The air quality health crisis has remained largely invisible for two main reasons: air itself is invisible, and we lack effective tools to measure how air quality affects our performance.
We spend 90% of our time indoors, where air pollution is 2-5x worse than outdoors. This problem can't be solved by public outdoor monitoring stations alone.
Poor air quality impacts every aspect of life, including sleep and exercise. These effects are interdependent and difficult to isolate.
Air quality can cause fluctuations in performance, focus, and energy throughout the day, creating a negative cycle across multiple health dimensions.

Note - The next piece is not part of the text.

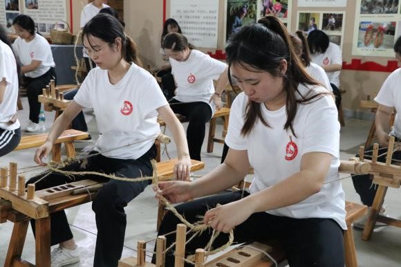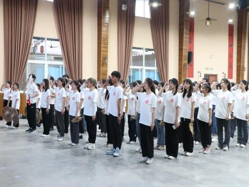 第三站,同学们来到红源记忆研学实践基地通过革命场景的体验教学,通过动手学编“红军草鞋”、跳一段草帽舞,接受一场军姿检阅、唱一首红歌、重温入团誓词来感悟苏区精神,营造“处处是课堂、时时受教育”的学习环境。一条麻绳,一上一下,一压一敲,一双双草鞋所表达的是百姓的一片片真心,一双红军草鞋,一份红色信念。红军草鞋既是红军战士艰苦奋斗的历史象征,也是中国共产党人理想信念的具现。同学们通过拿起麻绳细细编织,舞草帽舞,挥红缨枪和大刀,追忆红色历史、传承红色基因。一面团旗,一份信念,在中国共产主义青年团团旗下,团员们面容严肃,举起右拳,重温入团誓词,再次明确自己作为共青团员的义务和职责,青年大学生们在学思践悟党的初心使命,立志当好新时代红色传人。

While we have effective wearables to measure sleep and exercise, empowering people to understand how their actions impact these areas, we lack air monitors that quantify air quality's impact on health and productivity.
Just as "eight hours of sleep" and "10,000 steps a day" have become common knowledge, we aim to show people how many of their 9,000 daily breaths should be clean air.
Health Air Monitoring
We're defining the category of air health monitoring using real-time space tracking. By putting more power in individuals' hands, we help people make informed decisions about their health and performance based on their own data.
Quantifying the consequences of choices in real-time closes the loop on air quality. We connect specific activities to poor air quality exposure and demonstrate the quantified impact on health or performance.
This empowers sustainable improvement in choices over time.
Enabling people to see how their decisions impact their health gives them agency.
While some bad choices have immediate consequences, it's harder to make lifestyle changes about something invisible like air. However, concrete impacts like sounding less articulate on a Zoom call or scoring lower on exams can motivate action.
That's why we've designed Happier Air to provide quantitative impacts and feedback loops on how air affects the activities you care about.
By leveraging sensors for PM 2.5, CO2, and VOC, our app provides real-time feedback on how air and lifestyle choices impact your health and performance.
Our device is built for the health of your spaces. Constantly connected to WiFi, it feeds your cloud the data needed to make actionable decisions about you in your office or your child in their room.
We've focused on making Happier Air accessible to everyone as a standalone device that works without the app. Simply turn it on, and a smiley face indicates if your air is good or bad.
We exist to help people like you optimize life by breathing happier.